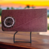This vibrant crimson clutch is crafted from a textured fabric with a subtle ombre effect, adding depth and dimension. The circular beaded embellishment in the center adds a touch of elegance and complements the bold color beautifully. The clutch features a spacious interior, perfect for carrying your essentials in style. This versatile piece is a must-have for any fashion-conscious woman.
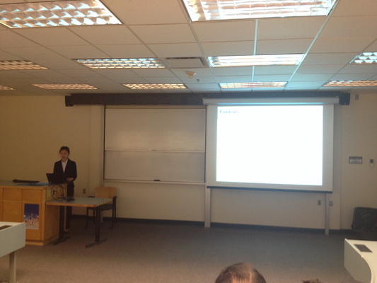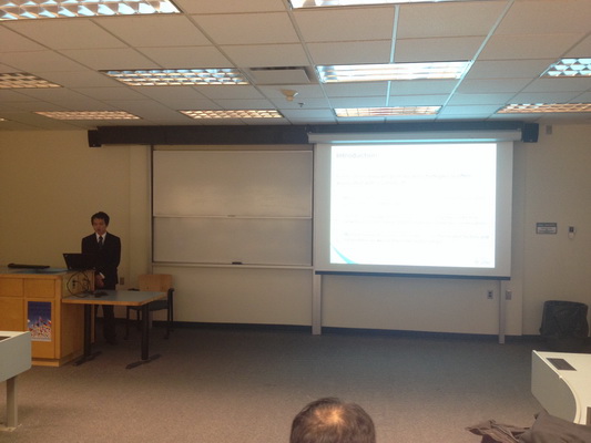 On the night of November 19, 2014, Ms. Yuanyuan Zhai and Mr. Xiong Zhou gave an interesting seminar on their latest research work to IEESC staff and students. The title of their presentations are "Development of Inexact Optimization Methods for Planning Environmental Management Systems under Multiple Uncertainties" and "Development of Two-stage Fractional Programming Methods for Environmental Management under Uncertainty" respectively. After their presentations, Ms. Zhai and Mr. Zhou had a thorough discussion with the audience about the potential research extensions.
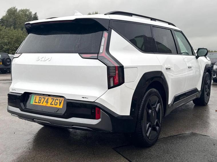 This 2025 Kia EV9 GT-Line S is a remarkable example, boasting an exceptionally low mileage of just 4323 miles for its age and having had only one owner. This electric, four wheel drive SUV offers a spacious interior with seven seats, making it ideal for families or those needing extra versatility. Its substantial 100 kWh battery provides a maximum range of 313 miles when new, and for peace of mind, the MOT is valid until January 2028. Notable features include Navigation Based Smart Cruise Control with Stop and Go Functionality, a 360 Degree Around View Monitor for effortless parking, and a Wireless Mobile Phone Charger. You'll also appreciate the comfort of a Heated Steering Wheel and the advanced Electronic Rear View Mirror with Full Display. The Kia EV9 GT-Line S stands out with its impressive performance and charging capabilities. The 0-62mph acceleration in just 5.3 seconds highlights its dynamic driving experience, offering a responsiveness that surpasses many similar vehicles. When it comes to recharging, the fastest public charging time can take the battery from empty to 80% in a swift 27 minutes, a significant advantage for longer journeys. While a full charge at home using a 7kW charger takes approximately 45 hours and 5 minutes, the rapid public charging option ensures convenience. Furthermore, this capable SUV has a towing weight of 2500 kg, adding to its practicality for a variety of needs.
*****
Work to be completed: With all pictures left out, please transcribe exactly the lines from the start of the material through the line with "On the night".

Response:
This vibrant crimson clutch is crafted from a textured fabric with a subtle ombre effect, adding depth and dimension. The circular beaded embellishment in the center adds a touch of elegance and complements the bold color beautifully. The clutch features a spacious interior, perfect for carrying your essentials in style. This versatile piece is a must-have for any fashion-conscious woman.
 On the night of November 19, 2014, Ms. Yuanyuan Zhai and Mr. Xiong Zhou gave an interesting seminar on their latest research work to IEESC staff and students. The title of their presentations are "Development of Inexact Optimization Methods for Planning Environmental Management Systems under Multiple Uncertainties" and "Development of Two-stage Fractional Programming Methods for Environmental Management under Uncertainty" respectively. After their presentations, Ms. Zhai and Mr. Zhou had a thorough discussion with the audience about the potential research extensions.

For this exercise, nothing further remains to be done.